Accurate diagnosis and exclusion of abscess wall rupture are extremely important for treatment selection.

At the initial stages, conservative therapy is carried out, including:

  • bed rest;
  • correction of water and electrolyte balance disorders, immunomodulators;
  • sedatives, desensitizing agents;
  • intravenous antibiotics, metronidazole;
  • if an IUD is present, its removal;
  • drainage of inflammatory formations and pelvic abscesses.

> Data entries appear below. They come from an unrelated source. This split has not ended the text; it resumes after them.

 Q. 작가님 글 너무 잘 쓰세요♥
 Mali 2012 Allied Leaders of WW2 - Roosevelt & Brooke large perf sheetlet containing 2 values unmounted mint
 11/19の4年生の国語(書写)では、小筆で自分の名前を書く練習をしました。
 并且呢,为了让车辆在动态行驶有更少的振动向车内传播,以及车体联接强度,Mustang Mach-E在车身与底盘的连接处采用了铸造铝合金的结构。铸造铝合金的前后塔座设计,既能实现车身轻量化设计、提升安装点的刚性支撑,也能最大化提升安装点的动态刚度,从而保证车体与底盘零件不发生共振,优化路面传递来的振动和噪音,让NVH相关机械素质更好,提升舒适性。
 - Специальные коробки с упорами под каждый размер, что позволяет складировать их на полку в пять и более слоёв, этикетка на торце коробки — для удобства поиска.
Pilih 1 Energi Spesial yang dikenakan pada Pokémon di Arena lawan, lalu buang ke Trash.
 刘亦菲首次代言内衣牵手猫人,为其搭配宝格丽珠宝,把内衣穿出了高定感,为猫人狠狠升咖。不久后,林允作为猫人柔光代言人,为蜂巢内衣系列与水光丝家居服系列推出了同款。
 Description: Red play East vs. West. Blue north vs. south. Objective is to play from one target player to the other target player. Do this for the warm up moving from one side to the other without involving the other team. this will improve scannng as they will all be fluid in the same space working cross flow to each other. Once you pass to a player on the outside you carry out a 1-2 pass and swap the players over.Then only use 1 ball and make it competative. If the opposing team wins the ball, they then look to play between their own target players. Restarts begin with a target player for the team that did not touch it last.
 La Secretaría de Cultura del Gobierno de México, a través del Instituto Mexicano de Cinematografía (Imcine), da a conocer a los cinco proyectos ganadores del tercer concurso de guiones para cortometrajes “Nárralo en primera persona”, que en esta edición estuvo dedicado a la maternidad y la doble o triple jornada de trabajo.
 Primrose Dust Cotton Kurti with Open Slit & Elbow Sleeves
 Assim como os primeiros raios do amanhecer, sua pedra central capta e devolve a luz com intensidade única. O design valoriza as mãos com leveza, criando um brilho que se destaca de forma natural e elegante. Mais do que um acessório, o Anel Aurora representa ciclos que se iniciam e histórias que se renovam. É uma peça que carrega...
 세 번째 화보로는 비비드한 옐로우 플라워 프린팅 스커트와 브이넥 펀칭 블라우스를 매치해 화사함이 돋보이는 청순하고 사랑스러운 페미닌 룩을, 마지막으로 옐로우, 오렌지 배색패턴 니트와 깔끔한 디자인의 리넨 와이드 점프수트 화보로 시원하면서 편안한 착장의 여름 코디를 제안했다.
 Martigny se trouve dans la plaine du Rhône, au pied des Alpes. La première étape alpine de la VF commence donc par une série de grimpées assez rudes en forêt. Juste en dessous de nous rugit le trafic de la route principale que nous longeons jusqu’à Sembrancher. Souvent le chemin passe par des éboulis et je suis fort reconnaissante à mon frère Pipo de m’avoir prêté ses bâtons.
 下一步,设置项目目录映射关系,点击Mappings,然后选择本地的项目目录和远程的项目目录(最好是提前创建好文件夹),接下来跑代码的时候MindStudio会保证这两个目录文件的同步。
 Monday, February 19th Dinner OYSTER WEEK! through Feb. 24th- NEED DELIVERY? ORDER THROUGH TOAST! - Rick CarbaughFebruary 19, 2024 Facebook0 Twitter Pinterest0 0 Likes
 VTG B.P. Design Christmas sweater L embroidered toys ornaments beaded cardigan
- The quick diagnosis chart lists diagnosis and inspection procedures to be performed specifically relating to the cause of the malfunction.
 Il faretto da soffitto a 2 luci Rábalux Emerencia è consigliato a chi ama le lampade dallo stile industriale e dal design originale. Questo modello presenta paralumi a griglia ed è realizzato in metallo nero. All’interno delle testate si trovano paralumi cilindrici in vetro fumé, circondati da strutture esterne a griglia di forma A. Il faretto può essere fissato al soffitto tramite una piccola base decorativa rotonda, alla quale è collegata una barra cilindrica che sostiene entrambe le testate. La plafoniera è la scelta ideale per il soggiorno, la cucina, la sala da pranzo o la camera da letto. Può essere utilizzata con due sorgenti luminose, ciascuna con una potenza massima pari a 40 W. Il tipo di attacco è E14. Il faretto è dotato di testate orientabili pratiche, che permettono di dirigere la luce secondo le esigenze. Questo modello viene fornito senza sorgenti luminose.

Indications for surgical treatment:

  • lack of effect from intensive conservative therapy within 4 hours of its implementation;
  • perforation of pyosalpinx or tubo-ovarian abscess, diffuse peritonitis;
  • infectious toxic shock.

The scope of surgical treatment is determined individually. Extirpation or supravaginal amputation of the uterus with unilateral or bilateral removal of appendages is performed in the following clinical situations:

  • in case of severe condition of the patient and formation of multiple intra-abdominal abscesses;
  • with diffuse purulent peritonitis;
  • in case of primary involvement of the uterus in the process (after childbirth, abortions, IUD);
  • for bilateral tubo-ovarian abscesses in the pelvis.

At a young age, hysterectomy should be the exception rather than the rule. The smallest possible opportunity to preserve ovarian tissue should be used.